L’étude de Tado° est en tout cas une épine dans le pied du gouvernement tricolore, responsable de la politique énergétique de la France. Qui tarde d’ailleurs, en matière d’isolation, à apporter des réponses suffisantes. En 2017, déjà, soit deux ans après que le pays s’était engagé sur des objectifs ambitieux de réduction de gaz à effet de serre et de consommation d’énergie, les émissions carbonées, responsables en (très) grande partie du dérèglement climatique, dépassaient de près de 7 % les prévisions, tandis que l’on consommait 4,4 % d’énergie en plus par rapport aux programmations. « Dans le détail, le secteur du bâtiment est le plus mauvais élève, avec un dépassement de 22,7 % de l’objectif fixé », notait à l’époque le média « Reporterre ».

Alors que Paris doit remettre à la Commission européenne, au printemps 2020, sa stratégie de long terme pour la rénovation énergétique, en application de l’article 2 bis de la directive européenne sur la performance énergétique des bâtiments, l’association CLER, dans sa contribution auprès du Conseil national de la transition écologique – qui avait lancé jusqu’au 10 mars dernier une consultation publique sur la question –, l’affirme : les gouvernements successifs ont cruellement manqué de « vision stratégique » en matière de rénovation énergétique des bâtiments et paie le prix de « choix méthodologiques contestables ».

Des travaux d’isolation sous-performants

« La France accuse un retard toujours plus important sur la trajectoire d’économies d’énergie fixée par la Loi de transition énergétique et vis-à-vis du cadre européen en vigueur.

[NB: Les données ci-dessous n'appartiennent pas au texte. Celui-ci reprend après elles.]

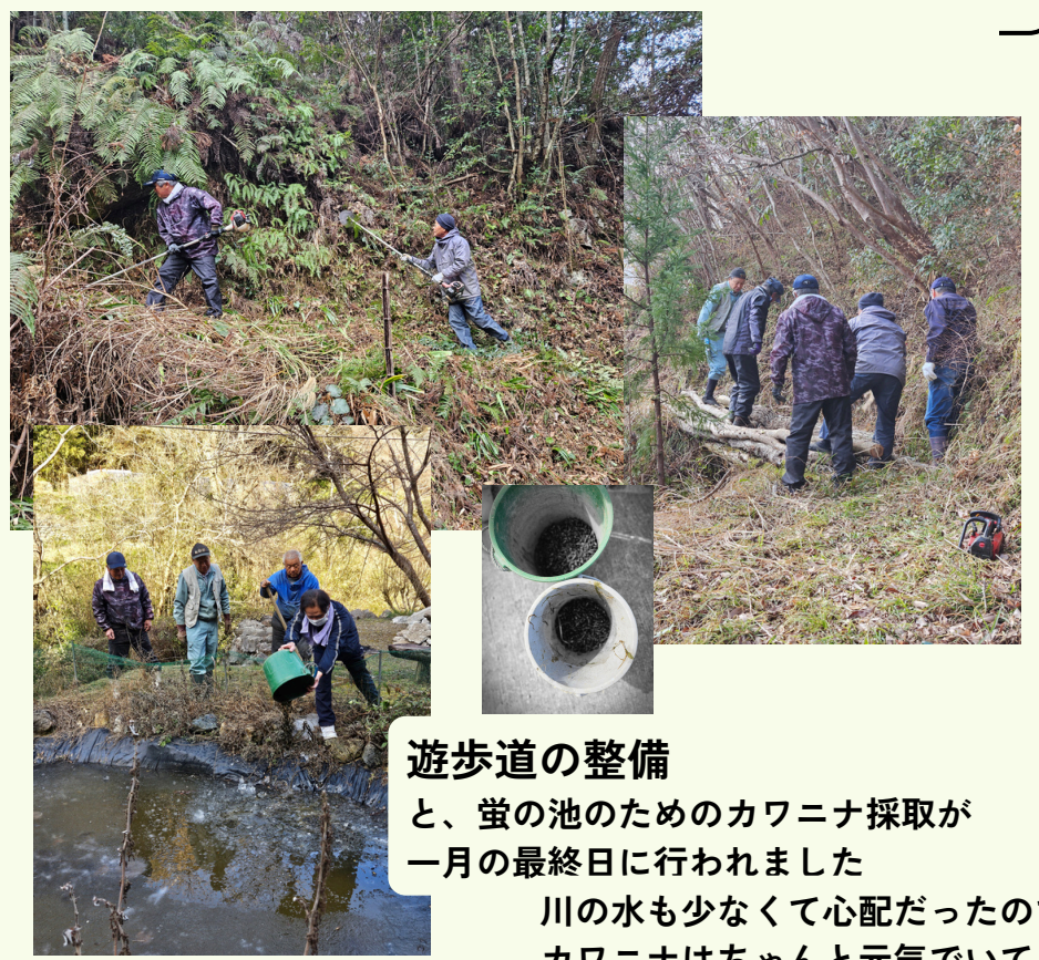
遊歩道の整備と、蛍の池のためのカワニナ採取が一月の最終日に行われました 川の水も少なくて心配だったのですがカワニナはちゃんと元気でいて放流することができました。

マラソン大会 12/12 冬休み 12/26～ 合同防災 1/17 遊歩道の整備 1/31 卒業生を送る会 2/21
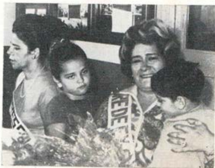
Las dos madres que recibieron los presentes de la Unión de Exalumnos Salesianos, con motivo del Día de la Madre.

hijo, las horas de sueño que necesita, los momentos de intimidad en el hogar, el trabajo escolar, las diversiones, los compañeros, los amigos, etc. Todo debe ser tenido en cuenta por los educadores. Y además es importante saber que cada niño o joven es diferente. Se pueden trazar líneas generales pero no podemos aplicar un método a todos ni usar las mismas normas para todas las edades.

Le budget carbone du secteur bâtiment a par exemple été dépassé de près de 15 % en 2018 ! Si la France souhaite respecter ses objectifs d’économies d’énergie de long terme, la clé réside dans la mise en place de politiques publiques ambitieuses et d’une offre de financements à la hauteur des enjeux », estime le réseau. Qui milite notamment pour « l’éradication urgente des passoires énergétiques (étiquettes énergie F et G actuelles) ».

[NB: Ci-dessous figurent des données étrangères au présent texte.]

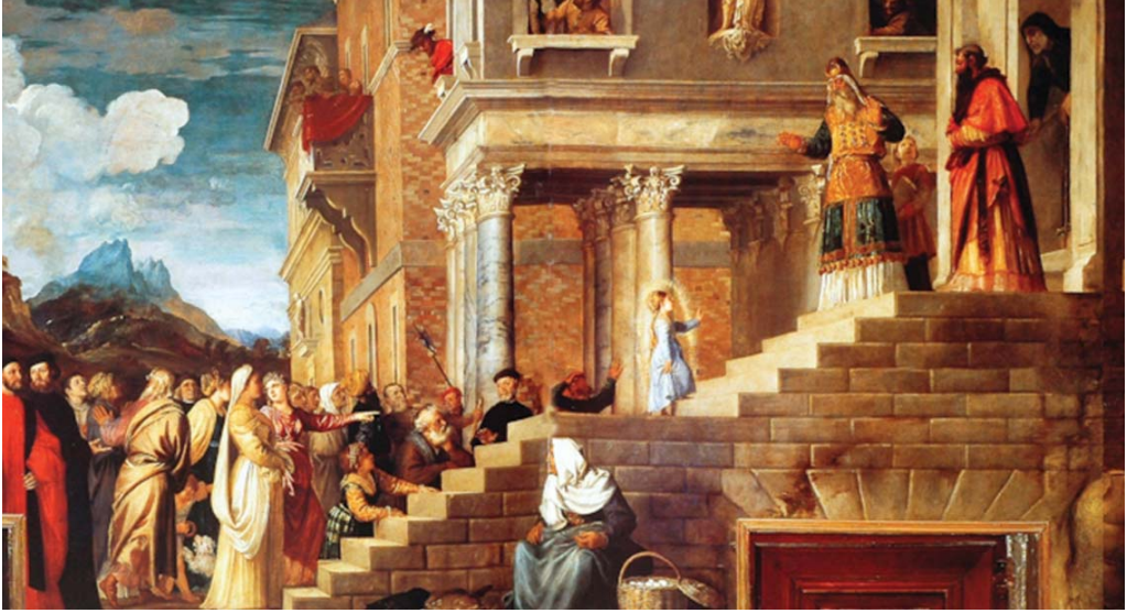
Resim: Bakirenin Mabetle Tanışması, Tiziano Vecellio (Titian), 1534-1538
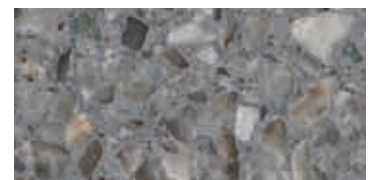
lucido / polished / poliert
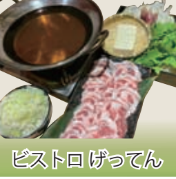
ピストロ げってん
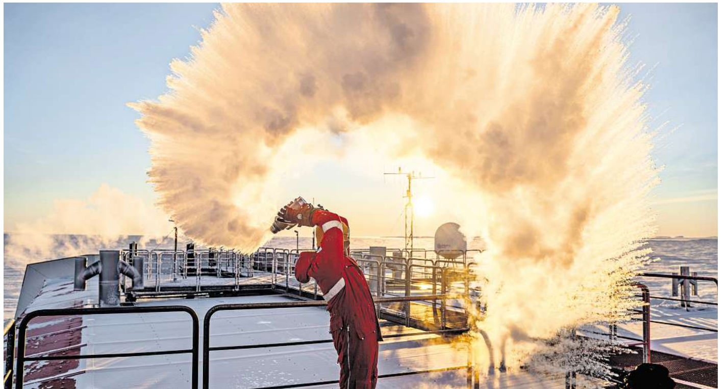
Schnee, selbst gemacht: Ein Kollege von Michael Trautmann leert in der Antarktis eine Kanne mit heißem Wasser in einem Schwung. Es gefriert sofort.

Derzeit arbeitet man an der Station mit Dieselmotoren, die als Blockheizkraftwerke laufen. Das sind bewährte LKW-Motore, die 24 Stunden am Tag mit Polardiesel laufen. Das ist ein spezieller Kraftstoff, der bei extremer Kälte nicht ausflockt. Wichtig ist es, auf simple und bewährte Technik zu setzen. Natürlich entstehen dabei Abgase, aber da die nächste Station 400 Kilometer entfernt ist, kann man deren Einfluss vernachlässigen. Es gibt auch ein Windrad, mit dem Strom erzeugt wird. Der Plan ist, den Anteil der Windkraft noch weiter auszubauen.
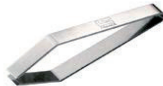
• PINZA ESPINAS Inox. Longitud: 11,5cm. Marca: Tellier
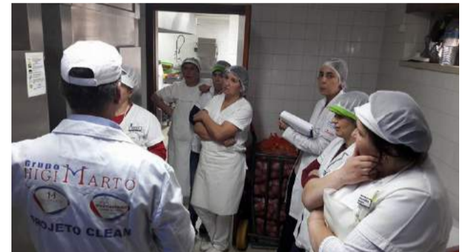
Empresa HIGIMARTO ministra Formação de Higiene Profissional na SCMG- Sector da Cozinha
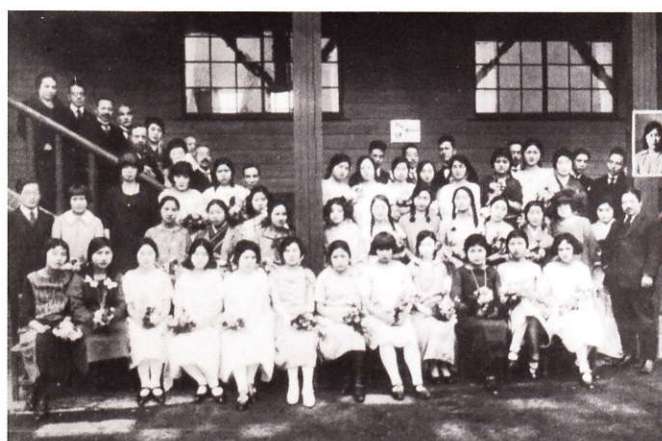
1925年 中学部第1回生の卒業記念写真

Parmi les autres mesures préconisées par CLER, la mise en place d’une nouvelle politique de rénovation énergétique globale, au-delà de ce qui existe déjà, occupe le haut du panier. Avec notamment les « pistes stratégiques » suivantes : une trajectoire claire et assumée politiquement jusqu’au bout ; une réglementation forte pour garantir un droit effectif pour tous à un logement à la facture énergétique abordable ; des outils de financement adaptés, accessibles et efficaces ; des aides recentrées pour les ménages et les propriétaires bailleurs non solvables et calibrées en fonction de la performance atteinte en termes d’économies d’énergie – afin d’améliorer leur lisibilité et leur efficacité – ; des outils de déploiement opérationnels au plus près des territoires.

Les pistes ne manquent pas, donc, pour inciter la France à rattraper son retard européen en matière d’isolation des logements. L’Hexagone, sur le sujet, accumule d’ailleurs les revers, comme l’illustre le scandale de l’ « Isolgate » qui a été révélé en décembre dernier. Pour rappel, des experts interrogés à l’époque des faits, en 2014, avaient souligné que les performances de la laine de verre posée dans les bâtiments étaient dégradées et volontairement masquées. Au coeur du sujet: la pose de pare-vapeur et d’écrans de sous-toiture n’était pas clairement affirmée comme une nécessité pour conserver le potentiel d’isolation attendu, induisant de fait en erreur artisans et consommateurs qui privilégièrent une installation sous-performante. Problème : l’Etat, pendant ce temps, continuait de verser chaque année des milliards d’euros au titre de l’isolation thermique des bâtiments. Un scandale économique et énergétique qui s’ajoutent aux mauvaises performances françaises, plombant le bilan hexagonal en la matière.